Example. The transitive closure of a relation $R \subseteq A \times A$ can be defined inductively. Let \[ R^0 = \{ (a, a) : a \in A \} \] be the identity relation and let \[ R^{n + 1} = R \circ R^n \] be the one-step closure of $R^n$ (i.e., $(x, z) \in R^{n + 1}$ if $(x, y) \in R$ and $(y, z) \in R^n$), then define the transitive closure of $R$ to be \[ \textrm{tr}(R) = \bigcup_{n \in \mathbb{N}} R^n = \lim_{n \rightarrow \infty} R^n. \]

A.10 Functions

A relation $f \subseteq A \times B$ is a function if for every $a \in A$ there is exactly one $b \in B$ such that $(a, b) \in f.$ If $(a, b) \in f$ we write $f(a) = b$ and say $a$ maps to $b.$ If $f \subseteq A \times B$ is a function, we write $f:A \rightarrow B$.

Given two sets $A$ and $B,$ the set of functions from $A$ to $B$ is written as $B^A,$ and defined by \[ B^A = \{ f : f:A \rightarrow B \textrm{ is a function} \}. \]

Domains and ranges

If $f:A \rightarrow B$ is a function, it domain is $A$ and its codomain is $B.$ The range of a function is the set of values that result from applying the function to elements of $A.$ If we define $f:\mathbb{R} \rightarrow \mathbb{R}$ by $f(x) = x^2,$ then the codomain is $\mathbb{R},$ but the range is $(0, \infty).$ The range of a function is always a subset of its codomain.

Given a function, its domain is \[ \textrm{dom}(f) = \{ x : (x, y) \in f \} = A, \] and its range is \[ \textrm{rng}(f) = \{ y : (x, y) \in f \}, \] but we cannot infer its codomain from its members.

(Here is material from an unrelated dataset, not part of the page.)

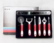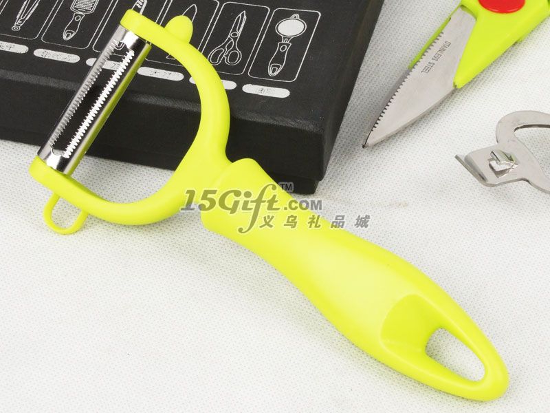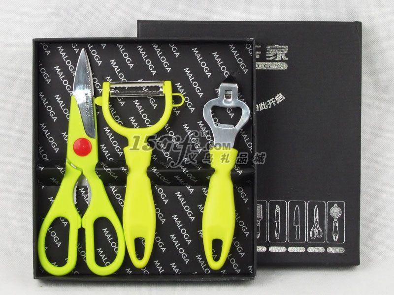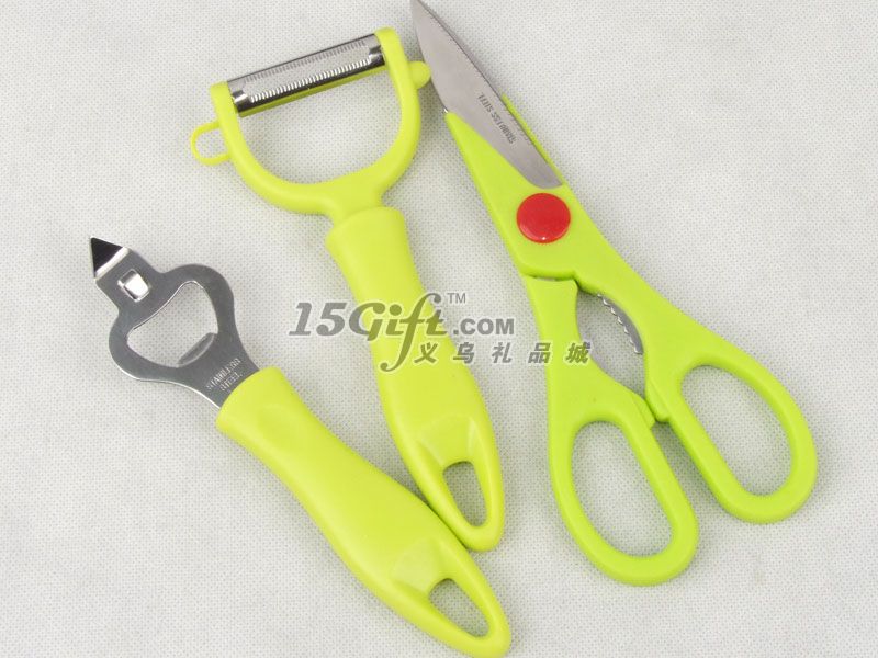 禮品盒包裝,內(nèi)含:食物剪(8*20cm)+削皮刀(8*17cm)+多功能瓶啟(4.3*17.5cm)

The codomain only matters in a higher-level context in which the function is considered a member of a larger family of functions.

Composition

If $f:A \rightarrow B$ and $g:B \rightarrow C$ are functions, then their composition $g \circ f:A \rightarrow C$ is also a function, and satisfies $(g \circ f)(a) = g(f(a)).$

Injective, surjective, and bijective functions

A function $f : A \rightarrow B$ is

injective (aka one-to-one) if $a \neq b$ implies $f(a) \neq f(b),$
surjective (aka onto) if $B = \textrm{range}(B),$ and
bijective if it is both injective and surjective.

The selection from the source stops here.